# LIGO - Gravitational Waves simple classification - Part 1

This is our final work for the "Seminario intensivo de topicos avanzados en datos complejos" (Intensive seminar in advanced topics of complex data). We pretend to download a pre-classified set of gravitational waves provided by the LIGO observatory (Both, Livingston and Hanford observatories) during its first and second observatory run (O1 and O2).
This dataset is part of the whole Gravity Spy paper and libraries, this is the set for which that project's convolutional networks were trained. (For more data on the subject, please refer to ["Gravity Spy - Integrated Advanced LIGO detector characterization machine learning and citizen science"](https://arxiv.org/abs/1611.04596).). Since the dataset size isn't trivial, we provide you the original place from which it can be [dowloaded](https://zenodo.org/record/1486046#.XrLYbi-ZMSQ).

> Please, keep in mind that this work is the first stone in the way of my specialization's final work; which will entail the work over the classification of gravitational waves using convolutional neural networks.

> Take into account, that this whole notebook, datasets and scripts doesn't runs in the course's docker images preset for spark. We have changed the /spark/Dockerfile in order to generate the due versions. The Docker-Compose.yaml file has been updated to work with this very image, as well.

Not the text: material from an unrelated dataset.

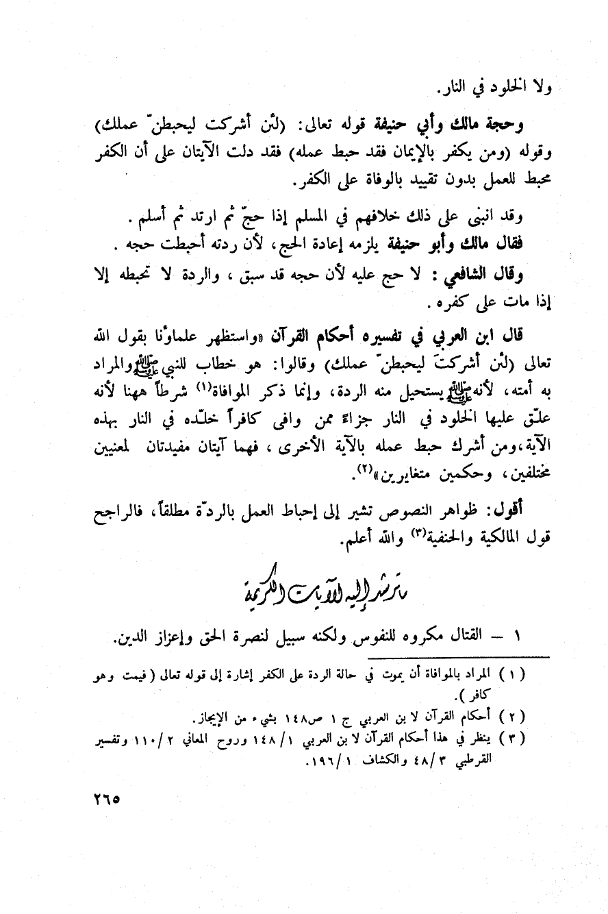 قال ابن العربي في تفسيره «أحكام القرآن» : «واستظهر علماؤنا بقول الله تعالى: {لَئِنْ أَشْرَكْتَ لَيَحْبَطَنَّ عَمَلُكَ} [الزمر: 65] وقالوا: هو خطاب للنبي صَلَّى اللَّهُ عَلَيْهِ وَسَلَّم َ والمراد به أمته، لأنه صَلَّى اللَّهُ عَلَيْهِ وَسَلَّم َ يستحيل منه الردة، وإنما ذكر الموافاة، شرطاً هاهنا لأنه علّق عليها الخلود في النار جزاءً ممن وافى كافراً خلّده في النار بهذه الآية، ومن أشرك حبط عمله بالآية الأخرى، فهما آيتان مفيدتان لمعنيين مختلفين، وحكمين متغايرين» .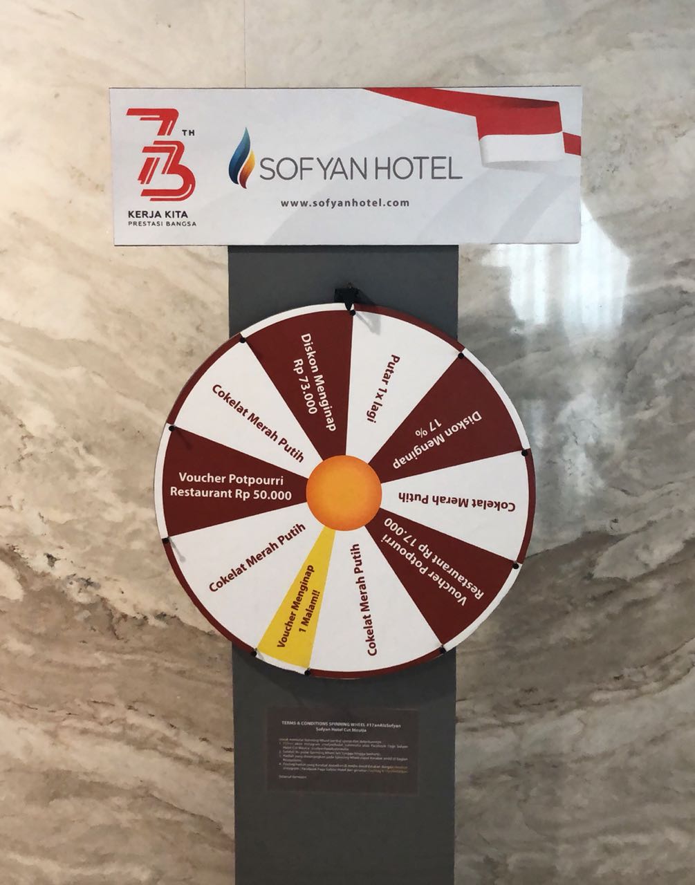 Di ulang tahun negara tercinta Republik Indonesia ke 73 tahun, Sofyan Hotel memberikan potongan diskon sebesar Rp 73.000 , bagi yang beruntung di program Spinning Wheel Sofyan Hotel.

The data set is divided in three parts:

There are three files provided in this data set

- trainingset_v1d1_metadata.csv

This file has many columns, gravityspy_id, label, and sample_type. 
*gravityspy_id* is the unique 10 character hash given to every Gravity Spy sample. 
*label* is the string label of the sample. 
*sample_type* indicates whether this sample was used in the paper for testing training or validating the models. This is provided for those who would like to do direct comparisons to the network described in the paper.
Additional columns contain some metadata information about the "glitchs".

- trainingsetv1d1.h5

This file contains the exact arrays used in the paper for every Gravity Spy sample. Each Gravity Spy sample is defined by four different images with varying temporal duration, 0.5, 1.0, 2.0, and 4.0 second, respectively. 
This file contains all the information needed for each sample in the Gravity Spy dataset.

- trainingsetv1d1.tar.gz

Contains the raw PNGs of the Gravity Spy training set.
The structure of the folder is /"label"/"sample_type"/"pngs", and is the same information you could find in the HDF5 file above.

## What we are going to do

We are going to divide this work in two parts:

1. Merge the images with the data in the csv file, so we have a simple spark dataframe to operate with. We call this task "regularization", or "nomalization" of the data. This notebook will resolve this step and show up our exploration process. However, the script that will do the heavy lifting will be: *generate_gw_dataset.py* which will do the very same things that does this whole notebook, but with the whole dataset, not the first 30th rows.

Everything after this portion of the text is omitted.